One of the most common system design interview questions is:

"How would you scale a web application from 100 users to 100 million users?"

The answer is rarely a single technology. Instead, systems evolve through multiple stages, with each stage solving a specific bottleneck.

This article walks through the typical evolution of a scalable system and explains why, how, and when each component is introduced.

1. Single Server

Why Start Here?

Every application starts simple.

In the beginning:

Traffic is low
Development speed matters more than scalability
Infrastructure costs should be minimal

What Is It?

A single machine handles everything:

Frontend
Backend
Database

Users
 |
 v
Single Server
├── Application
└── Database

How Does It Work?

User sends request.
Application processes request.
Database stores and retrieves data.
Response is returned.

Everything happens on one machine.

Problem

As traffic grows:

CPU becomes overloaded
Memory becomes insufficient
Database competes with application for resources

A single server becomes a bottleneck.

Interview One-Liner

A single server architecture is simple and cost-effective but becomes a bottleneck as traffic and resource usage increase.

2. Application and Database Separation

Why Do We Need It?

The application and database have different workloads.

Application Server:

Uses CPU
Handles business logic

Database Server:

Uses memory and storage
Handles queries

Keeping them together causes resource contention.

How Does It Work?

Move the database to a separate machine.

Users
 |
 v
Application Server
 |
 v
Database Server

Benefits

Independent scaling
Better resource utilization
Improved performance

Example

Suppose an e-commerce website receives thousands of requests.

The application handles:

Authentication
Order processing
API responses

The database handles:

Product data
Orders
User information

Separating them prevents one workload from affecting the other.

Interview One-Liner

Separating the application and database allows each layer to scale independently and removes resource contention.

3. Load Balancer and Multiple Application Servers

Why Do We Need It?

Eventually one application server is not enough.

Problems:

High CPU utilization
Increased response time
Single point of failure

What Is a Load Balancer?

A load balancer distributes incoming traffic across multiple servers.

Instead of sending all traffic to one machine, requests are spread evenly.

How Does It Work?

 Users
 |
 v
 Load Balancer
 / \
 / \
 v v
 App Server App Server

Request Flow

User sends request.
Load balancer receives request.
Load balancer selects a healthy server.
Request gets processed.

Benefits

Scalability

Add more servers when traffic increases.

High Availability

If one server fails, traffic is routed elsewhere.

Better Performance

Traffic is distributed evenly.

Interview Follow-Up

Common Algorithms

Round Robin
Least Connections
IP Hashing

Interview One-Liner

A load balancer distributes traffic across multiple application servers, improving scalability, performance, and availability.

4. Database Replication

Why Do We Need It?

Even after scaling application servers, the database often becomes the next bottleneck.

Most systems have:

Reads >> Writes

For example:

Product browsing
Social media feeds
News websites

Users perform far more reads than writes.
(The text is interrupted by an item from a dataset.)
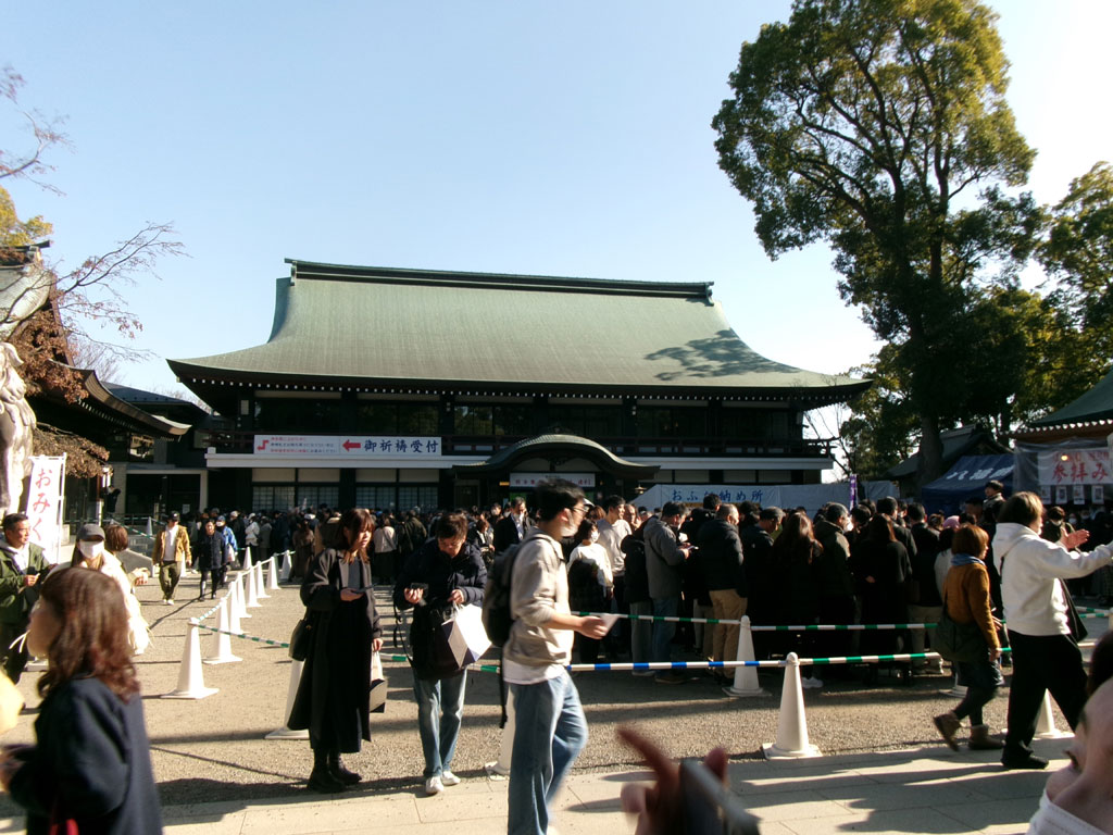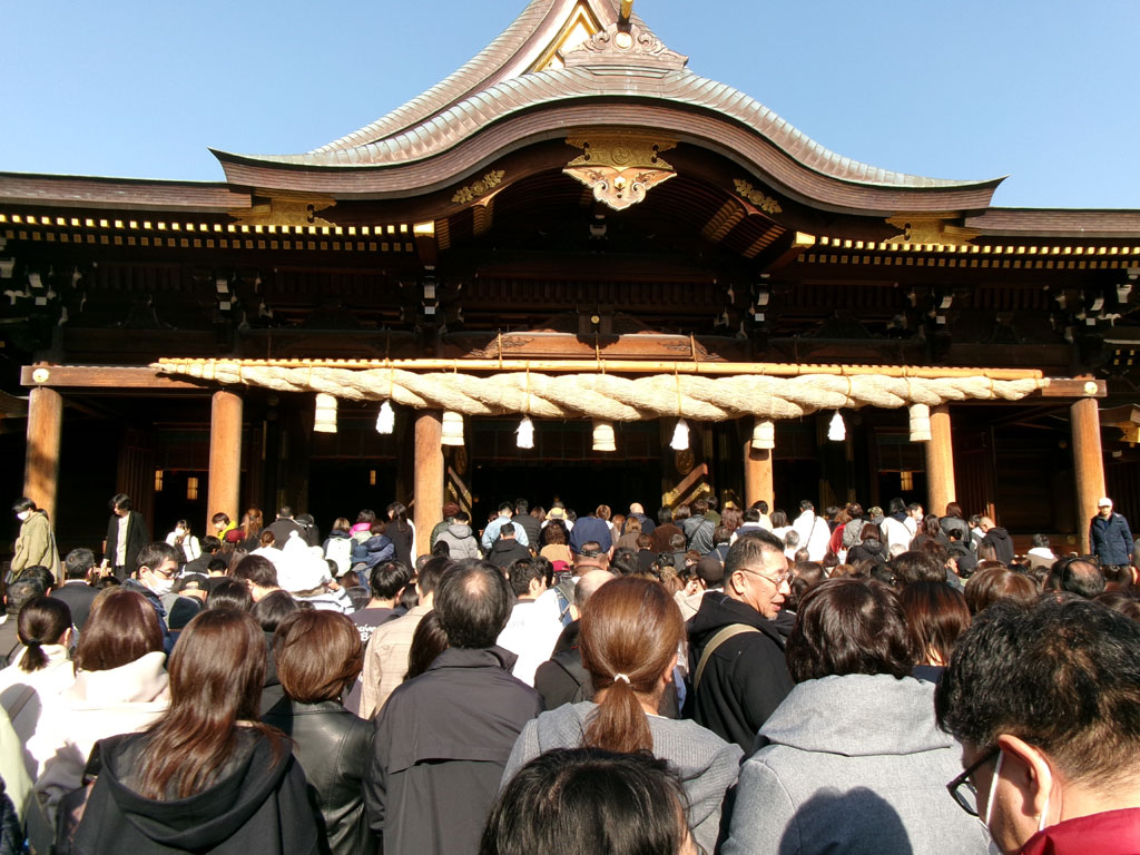 当然本殿参拝も行列となっているが、横幅いっぱいのたくさんの列なのでそれなりに進んでいく。列に並んで順番を待って参拝。

What Is Database Replication?

Replication creates copies of the database.

 Primary DB
 |
 ------------------------
 | |
 v v
 Replica DB Replica DB

How Does It Work?

Primary Database

Handles:

INSERT
UPDATE
DELETE

Replica Databases

Handle:

SELECT queries

Data is copied from primary to replicas.

Example

Amazon Product Page:

Every user viewing products performs reads.

Only a few users are updating inventory.

Reads are served by replicas.

Writes go to primary.

Benefits

Increased read capacity
Better performance
Improved availability

Challenges

Replication Lag

Replica may be slightly behind primary.

This leads to eventual consistency.

Interview One-Liner

Database replication scales read traffic by creating read-only replicas while keeping writes on the primary database.

5. Cache Integration

Why Do We Need It?

Even replicated databases can become overloaded.

Many requests ask for the same data repeatedly.

Examples:

Trending products
User profiles
Popular posts

Reading from the database every time is expensive.

What Is a Cache?

A cache is a fast in-memory storage layer.

Popular examples:

Redis
Memcached

How Does It Work?

User
 |
 v
Application
 |
 v
Cache
 |
 |
 Hit? ---- Yes ----> Return Data
 |
 No
 |
 v
Database

Cache Hit

Data found in cache.

Response is very fast.

Cache Miss

Data not found.

Application fetches from database and stores it in cache.

Example

Instagram Profile Page

Instead of querying the database millions of times, frequently accessed profiles are served directly from Redis.

Benefits

Lower database load
Faster response times
Better user experience

Interview One-Liner

A cache stores frequently accessed data in memory to reduce database load and improve response time.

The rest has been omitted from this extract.